No, we don’t. In fact, a close look at the data suggests the peak of the epidemic in New York may have already passed, five days ago. On April 2, 1427 people were hospitalized for coronavirus in New York. That’s the highest number so far recorded. The next day, the total dropped to 1095. On Sunday, it fell to only 358. In the last two days, new hospitalizations have ticked up once again, but they’re still below last Thursday’s peak. If this trend holds, the worst may already be over for New York.

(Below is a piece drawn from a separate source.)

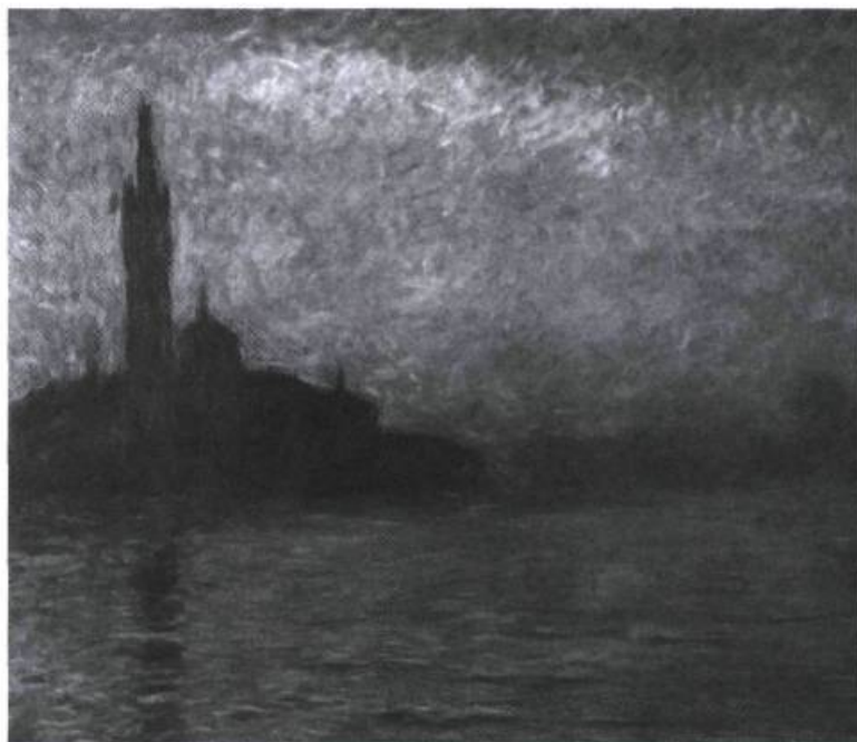
« [...] l'impressionnisme avait voulu faire tenir dans un paysage toute la magie lumineuse de l'instant [...] » Claude Monet, Crépuscule, Venise , 1908. Huile sur toile. (Tokyo, collection Ishibashi.)

Le théâtre s'est mieux reconnu en tant qu'art du temps lorsqu'il s'est arraché à l'impérialisme du texte, autrefois objet d'attention exclusif. Autrefois – c'est-à-dire, en gros, jusqu'à la fin du XIX e siècle –, parler théâtre, c'était parler texte. Et le texte ne pouvait être porté que par les comédiens (le vedettariat, un des aspects les plus lucratifs de l'industrie culturelle moderne, a, en fait, un beau passé). Il n'était pas alors question de metteur en scène ; le régisseur, qui n'était souvent que le directeur de théâtre, suffisait à tout. Mais, en même temps que l'électricité commençait à réorganiser la vie quotidienne, le metteur en scène faisait son apparition. Avec lui, le théâtre vivant devait coïncider de plus en plus avec le spectacle, s'accomplissant dans une manifestation intense et brève comme une jouissance. Le texte dramatique, dans sa forme
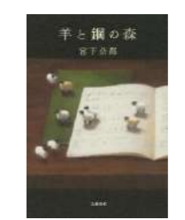
『羊と鋼の森』 宮下 奈都

All of this has come as a surprise to our public health authorities. The Institute for Health Metrics and Evaluation, the I-H-M-E, is a well-regarded research center run from the University of Washington. I-H-M-E has produced detailed predictions charting the expected course of this epidemic, in the United States as well in as other countries. Their model has done perhaps more than any other piece of academic research to shape our response to the Coronavirus crisis.
So how accurate has the model it been? Here are some numbers: Initially, the I-H-M-E predicted that on April 4th, the state of New York would require 65,000 hospital beds to handle infected patients. The low-end estimate was nearly 48,000 beds. In fact, on April 4, New York had fewer than 16,000 hospitalizations for Coronavirus. Many other states fell far below the model’s projections as a well.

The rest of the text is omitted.